In the back room of Freddy’s Bar in Prospect Heights, under strands of anemic Christmas lights, two dozen members of the American Rock Paper Scissors Association get ready to rumble. They’d traveled from up and down the Eastern Seaboard for the Atlantic Yards Smackdown, the somewhat belated inaugural event of the ten-year-old New York Rock Paper Scissors Society. The atmosphere crackles with the promise of flinty combat in high-rise tapered black jeans. “We Will Rock You” plays quietly.

Though RPS may seem like just a tween’s game, last year’s world-championship tournament in Toronto was covered by Fox Sports Net. It made the news earlier this spring when a Japanese executive forced Sotheby’s and Christie’s to an RPS one-throw showdown to decide which one would auction off his firm’s $18 million art collection.
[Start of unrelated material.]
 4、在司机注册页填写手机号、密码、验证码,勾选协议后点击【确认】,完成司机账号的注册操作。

Sotheby’s, mistakenly believing RPS to be a game of chance, threw paper, while Christie’s, after consulting several schoolchildren, threw scissors. Scissors cut paper, Christie’s won the account—and the game’s legend grew.
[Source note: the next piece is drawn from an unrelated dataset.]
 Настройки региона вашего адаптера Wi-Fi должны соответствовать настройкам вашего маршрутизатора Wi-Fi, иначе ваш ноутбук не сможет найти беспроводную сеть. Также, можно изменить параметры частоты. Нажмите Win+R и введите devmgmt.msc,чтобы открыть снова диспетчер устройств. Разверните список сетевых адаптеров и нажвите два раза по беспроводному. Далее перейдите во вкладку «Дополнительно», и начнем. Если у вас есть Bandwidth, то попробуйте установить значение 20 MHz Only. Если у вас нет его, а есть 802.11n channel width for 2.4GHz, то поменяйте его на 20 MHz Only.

RPS is, as it turns out, a game of strategy, not luck. “It’s a psychological battle,” says Ben “Scizorro” Stein, a wiry, intense computer programmer. “It’s all about reading your opponent,” agrees Kenny “Boy Boulder” Bromberg, who’s taken beta-blockers in tournaments to remain inscrutable. But the most effective way to the winner’s circle was codified by Shawn Ring, a.k.a. C. Urbanus. He originated what’s called the Urbanus defense: intentionally lose a round to see how your opponent plays it.
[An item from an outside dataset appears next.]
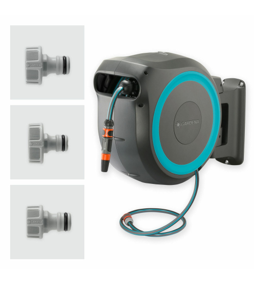 Gebruiksvriendelijke en flexibele bewatering voor kleinere tuinen. Tuinieren is handiger en gemakkelijker dan ooit met de wandslangenbox RollUp S. Deze helpt je tuin netjes en opgeruimd te houden en voorkomt hinderlijk struikelgevaar als gevolg van een rondslingerende slang. De praktische slangopslag is eenvoudig aan de muur van je huis te bevestigen en wordt met een flexibele aansluitslang aangesloten op de kraan. Dankzij de stevige muurbeugel kan de slangenbox meer dan 180° worden gedraaid, zodat je elke hoek van je tuin moeiteloos kunt bereiken. Voor direct gebruik kun je de tuinslang eenvoudig verlengen tot een lengte van maximaal 15 m. De tuinslang wordt automatisch in heel korte intervallen vergrendeld zodra je stopt, wat betekent dat de slang eenvoudig en gemakkelijk te hanteren is. Door lichtjes aan het uiteinde van de slang te trekken, wordt de vergrendeling ontgrendeld en een ingebouwde stalen veer met innovatieve RollControl-technologie zorgt voor soepel en gecontroleerd oprollen. De RollControl beschermt de slangenbox en de omgeving tegen schade als gevolg van het te snel inrollen. Om knikken of knopen in de slang te voorkomen, heeft de box een geïntegreerde slanggeleider. Dankzij de slang- en kraanaansluitingen van het Original GARDENA System kun je eenvoudig en flexibel een verlengstuk of ander compatibel GARDENA element op de slang aansluiten. Je hebt altijd je GARDENA slangopzetstukken bij de hand. Ze kunnen onder de muurbeugel worden bevestigd en daar worden opgeborgen om ruimte te besparen. De GARDENA wandslangenbox is UV- en vorstbestendig en kan het hele jaar door probleemloos aan de muur van het huis bevestigd blijven. Het hoogwaardige materiaal biedt je een lange levensduur en gebruiksgemak zonder onderhoud. Bovendien kan de box niet worden gestolen dankzij de antidiefstalbeveiliging en kan de box alleen door jou van de muur worden verwijderd. Samen met de wandslangenbox ontvang je een muurbeugel, een flexibele aansluitslang, alle benodigde Original GARDENA System en montageonderdelen en een mondstuk met twee verschillende sproeiopties. Dit hoogwaardige product wordt geleverd met een garantie van vijf jaar van GARDENA. Bewatering die altijd gebruiksklaar is dankzij de GARDENA wandslangenbox RollUp S.

Many, many pints of Brooklyn Lager later, the final round comes down to Jason Simmons, a.k.a. Master Roshambollah, a former U.S. champ, and an unknown called Amanda, who didn’t give her last name. Roshambollah opens with rock, figuring that Amanda knows he knows that she knows he would throw rock (RPS game theory seems to be very dependent on sex roles, and throwing a rock is considered a male move). Amanda, he assumes, will open with scissors, since “women usually open with scissors.” She does. 1-0. In the second throw, Amanda bounces back with the aggressive rock, while Roshambollah, employing the Urbanus defense of purposeful defeat, throws scissors. 1-1. But Amanda is no match for Roshambollah’s head games. In the final throw, she fatally throws scissors, falling victim to her opponent’s crushing rock. Roshambollah makes two rocks with his hands and thrusts them skyward, rejoicing.